Vaccines work by stimulating the immune system (CDC, 2018b). When challenged with an infectious agent, the body enlists macrophages and other phagocytic cells to engulf the invader, leaving residues such as cellular components and proteins that function as antigens. These in turn stimulate B-lymphocytes to produce antibodies to neutralize and participate in the clearance of the antigens. T-lymphocytes attack cells infected with the pathogen. Introducing a vaccine that contains a dead pathogen (e.g., a heat-killed virus) or one that has little ability to cause a full-blown illness (e.g., an attenuated virus) causes the body to respond by producing antibodies and “memory” T-lymphocytes, but usually will only cause a brief discomfort rather than a fully expressed illness.
The effectiveness of immunization has been demonstrated against many of the diseases that have plagued humans and many nonhuman animal species. However, protests have occurred throughout the history of vaccination programs (Stern & Markel, 2005), including a strong popular backlash as early as the 1830s, when some common citizens suggested that compulsory smallpox vaccination laws established in 1821 were little more than a ruling-class attack on their communities and personal rights. Perhaps the loudest of such protests in modern times erupted after the release of a now discredited study by Wakefield et al. (1998) in The Lancet, which erroneously linked application of the MMR (measles, mumps, rubella) vaccine to the development of autism. The very limited study was later shown to be flawed, and numerous large-scale studies since that time have found no connections between the use of vaccines and autism spectrum disorders. The editors of that prestigious British medical journal took the rare action of retracting the study in 2010. The controversy linking vaccines with autism still rages, resulting in numerous groups of parents refusing to vaccinate their children. This has had direct consequences: while measles had been declared to have been effectively eradicated in the United States in 2000 (CDC, 2018a), with increasing numbers of unvaccinated children, a measles outbreak in early 2019 reached levels not seen in more than a quarter century (CDC, 2019).
While the emphasis has often been on protecting the individual from illness, immunization programs are extremely effective in protecting entire communities, reducing suffering and death as well as maintaining economic productivity by reducing time and resources lost to illness. This is based on the principle of herd (or community) immunity, a concept that suggests that by immunizing a large enough proportion of a population, the likelihood of the disease spreading is sharply reduced, since it reduces the likelihood that a nonimmunized person will come into contact with the pathogen (Barratt & Kirwan, 2009). In other words, the chain of transmission can be broken. This means that not every member of a population needs to be immunized, although in many cases the more that are immunized, the better.
The proportion of a population that needs to be immunized for effective herd immunity varies depending on the basic reproduction number, Ro, of the disease in question. Ro is a dimensionless measure (not a true “rate” dependent on a time factor) of the number of new cases likely to be caused by exposure to an active case (Jones, 2007). For example, a conservative (low) estimate of the Ro for measles is 12 (Smith, 2017). The influenza pandemic of 1918 had an estimated Ro of only 2 (Smith, 2017). The herd immunity threshold (HIT) is the target proportion of a population to be immunized in order to achieve herd immunity. This is estimated by HIT = 1 − (1/Ro) (Barratt & Kirwan, 2009). For measles, the HIT is ~92% or higher. For a disease like the 1918 pandemic, the HIT would have been 50%. But remember, these are minimal threshold values. Higher proportions give reasonable assurance of even better protection.

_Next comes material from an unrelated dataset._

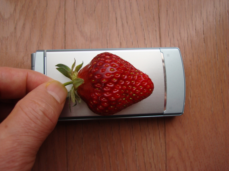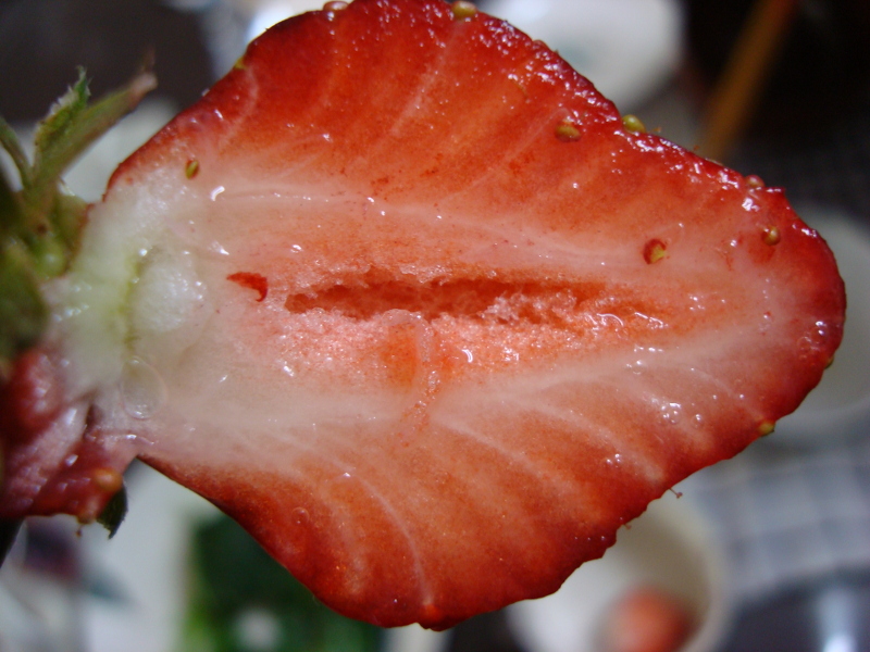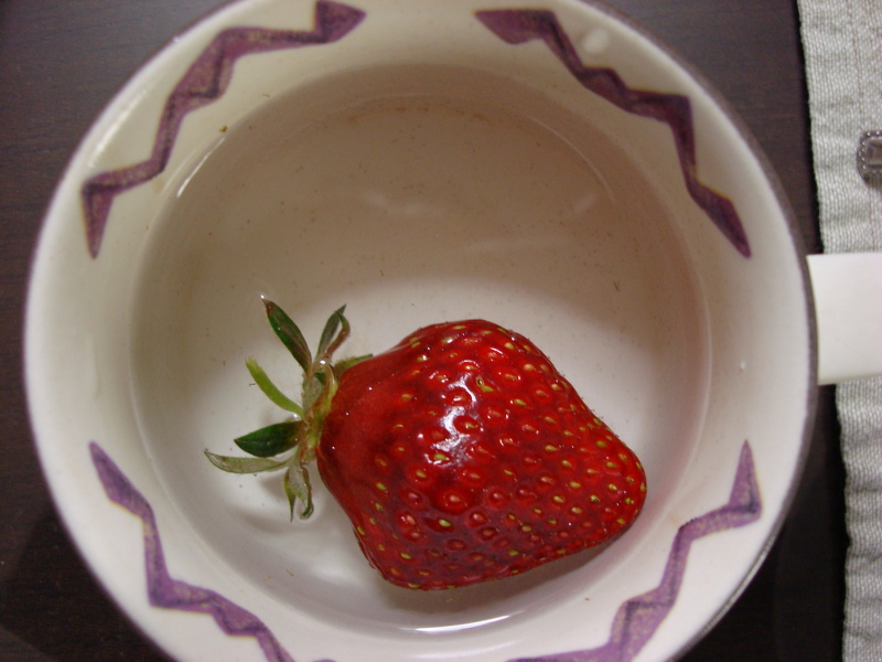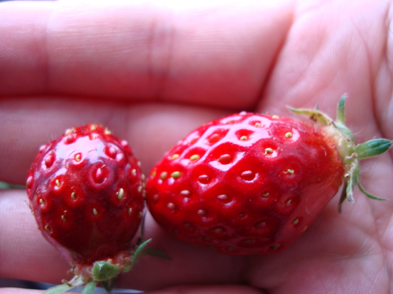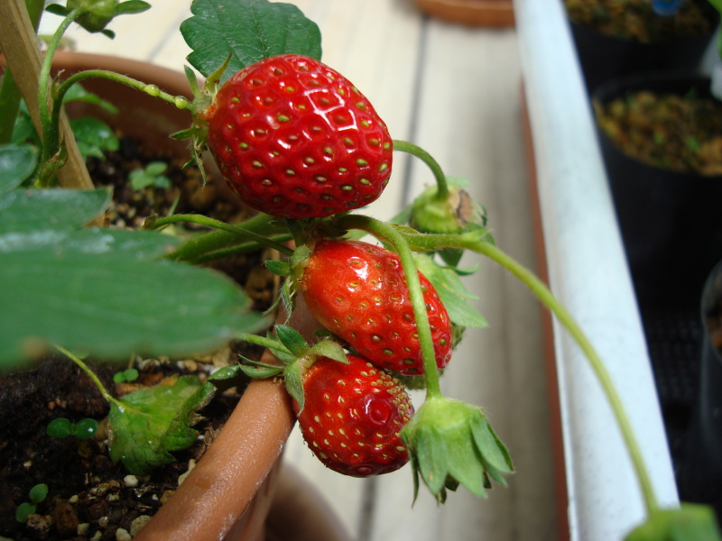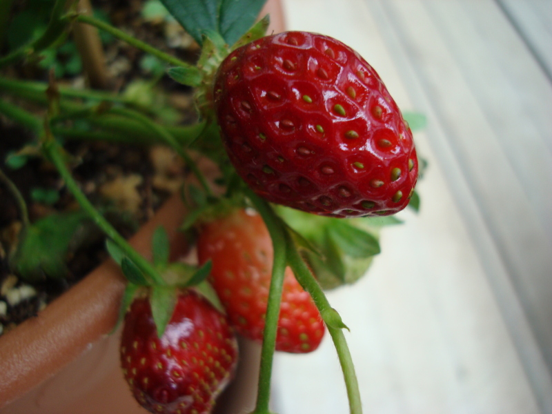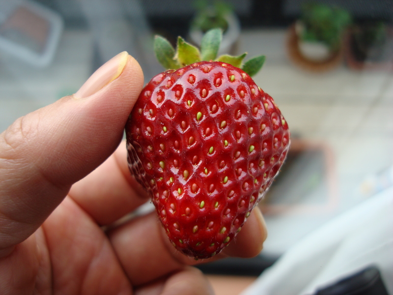 たぶん最後になるかもしれない果実が穫れました。1週間前は青かったのですが、あっという間に大きくなって熟れました。色も形も良く、味の方は、酸味があって、甘味はそこそこでした。何と言っても香りが強く、イチゴという感じでした。大きさは携帯電話の半分とまではいかなかったですが、けっこう大きくなりました。切ってみたらスイカのように中が空洞になっていました。あとは、ランナーを伸ばして苗を作ろうと思います。

Development of an Immunization Simulation Exercise
I became interested in actively illustrating the topic of immunization for community protection as I was teaching the epidemiology unit of a course in environmental health. To do this, I developed an exercise that can be used in a number of different settings with participants of different ages and levels of science literacy. For example, I have presented versions of this to a summer enrichment program primarily targeted at elementary age children, as well as middle school groups during the annual science-career-day program at the University of Tennessee at Martin. I have also presented this to several college-level introductory classes.
In a session, I begin with background on the nature of immunity and some simple principles of epidemiology, then engage the group in a simulation using readily available materials like different-colored poker chips to act as tokens to designate those with a disease, those who may be susceptible, and those who have been immunized. For younger groups, the process is most direct, focusing on the idea that with immunization, a disease can be controlled since it cannot easily spread through a population because we are breaking the chain of transmission. In some cases, the disease may even be stopped as soon as it is introduced. For groups with older participants, I integrate some simple epidemiological calculations (cumulative incidence and prevalence) to give some quantitative evidence of the effectiveness.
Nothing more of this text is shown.